Луканич положил руку на мое плечо.

– В будущем ничего от меня не скрывайте. Я вам только добра желаю. Мы ведь друзья, Белинец?.. А о содержании брошюры мне бы хотелось потолковать со всеми вами, хотя бы сегодня вечером…

У меня гора с плеч свалилась, и когда Луканич ушел к себе, я, забыв о дровах, бросился назад, в интернат, и, растолкав товарищей, сообщил им о разговоре с Луканичем.

Так, помимо привязанности, Луканич добился и нашего глубокого доверия. С той поры мы ничего не таили от него, даже в мелочах.

Вечером Луканич зазвал нас к себе. За окном опять мело, как накануне, а в заставленной книжными шкафами и полками комнате топилась печь, было тепло и тихо.

Луканич в войлочных домашних туфлях и гуцульском кожухе, надетом поверх суконной блузы, ходил взад и вперед по комнате, время от времени бросая взгляд на столик под лампой, где лежала брошюра.

– Разумеется, – говорил нам Луканич, – Советская Россия – незаурядная страна, и то, что там происходит, тоже явление незаурядное. Но не все, что пригодно России, годится для других стран и приемлемо для других народов. Пальма гибнет в наших широтах, а карпатский бук чахнет в знойной Африке… Вы уже взрослые люди, и я не боюсь говорить с вами откровенно и обо всем…

Коммунисты утверждают, что капитализм – зло, которое необходимо уничтожить… Зло! – Луканич на секунду остановился и поднял палец. – Согласен, но уничтожить его невозможно. Я сам, господа, сражался против него – и повторяю: невозможно! Смерть – тоже зло, господа, но без смерти нельзя представить себе жизнь: это две стороны одной монеты. Пройдет еще два года, и вы уйдете из стен гимназии в жизнь. Я обязан вас предостеречь от крайностей. Крайности заманчивы для молодых умов, но ничего не приносят, кроме разочарования и горя. Не в книгах я это вычитал, а испытал сам, многое перетерпев, и только потому я имею право предостерегать вас, мои молодые друзья. Когда двое спорят, правда всегда лежит где-то посредине, на третьем пути, – это путь реальных, обыкновенных дел.

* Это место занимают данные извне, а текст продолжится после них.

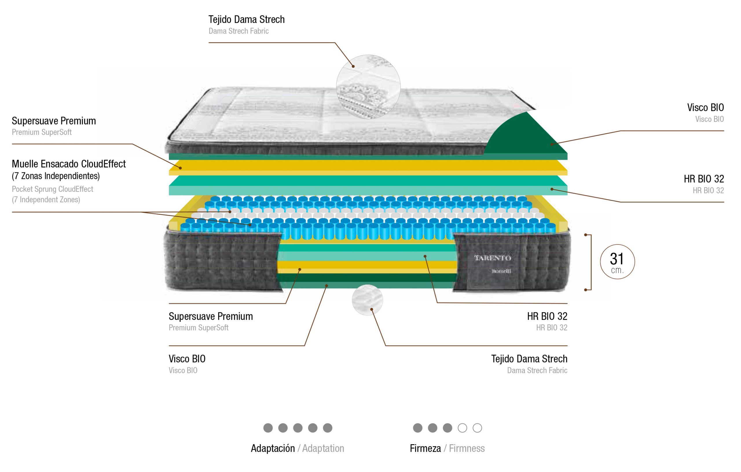 - Tecnología CloudEffect BIO Dispone de 2000 muelles ensacados dispuestos en 7 zonas distintas lo que proporciona transpirabilidad y HR y Visco BIO fabricado con componentes respetuosos con la salud.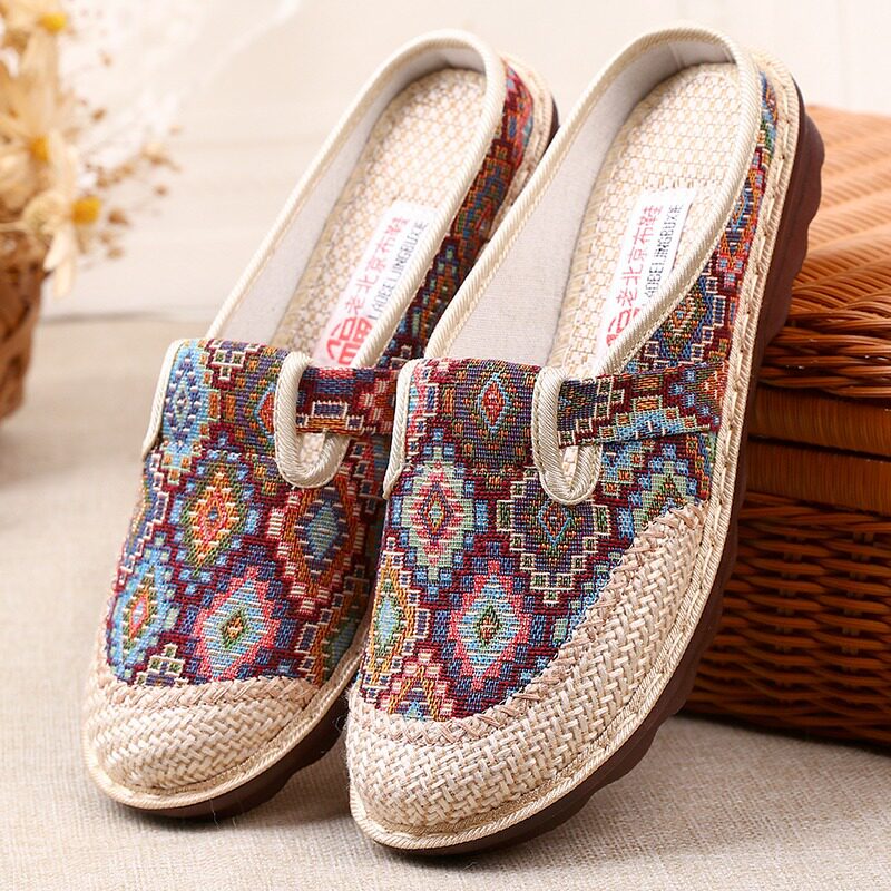 老北京布鞋女春夏季透气包头半拖鞋亚麻凉拖软底民族风妈妈绣花鞋

Общество, друзья мои, не стоит на месте, оно прогрессирует. И капитализм уже не тот, каким он был сто лет тому назад и даже пять лет тому назад. Из междоусобных схваток он вышел обновленным, более прочным, чем когда-либо, но в то же время гуманным, терпимым, а главное – демократическим. Наша республика, господа, еще очень молода, и нельзя требовать от нее всего сразу. Но поймите, нам нечего равняться на Советскую Россию, у нас есть свой идеал – демократия Соединенных Штатов Америки с ее гуманностью и свободой.

Об американской демократии Луканич говорил много, всячески превознося ее, а мне почему-то приходили на память: Матлах, отец, не вернувшийся домой из Америки, американский «пан редактор» с киноаппаратом, сующий доллар деду Грицану…

11

Из детской думы о ключе Миколы и родилась не дававшая мне покоя мысль стать агрономом.

Ею я жил последние гимназические годы, ей я обязан был тем, что не сына скотопромышленника Поповича, как это хотелось Мячику и другим профессорам, а меня скрепя сердце признавали первым учеником гимназии. И сельскохозяйственный институт в старинном чешском городе Брно стал для меня заветной целью.

Ради этой цели я батрачил три лета подряд у богатого огородника близ Мукачева и откладывал геллер за геллером, не покупая ни нового платья, ни новых ботинок, довольствуясь тем, что приобретено было по дешевке у старьевщика.

Горуля поддерживал мою мечту об институте. Как некогда, готовя меня к поступлению в гимназию, он и теперь старался изо всех сил, чтобы отложить из скудных своих заработков хоть что-нибудь на мою долю.

Изредка среди зимы он привозил на продажу в Мукачево чучела птиц или покрытую узорной резьбой деревянную посуду, которую сам мастерил.

– А не посчитают ли тот институт, Иванку, дуже для тебя высоким? – спрашивал он меня при встрече. – Я чув, там одних панских да газдовских детей учат. Могут и не принять.

– Но ведь и в гимназии есть панские дети, – сказал я.

– Э, что взял! – задумчиво произносил Горуля. – Одно дело – гимназия, а другое – институт. Вон и меня, когда егерем служил, раза два до графской передней пускали, а дальше ни-ни… Прямо, может, Иванку, и не скажут, теперь прямо не говорят, а возьмут да и объявят: мест нет. Может, ты по-другому надумаешь? В якусь семинарию, на учителя, где нашему брату полегче.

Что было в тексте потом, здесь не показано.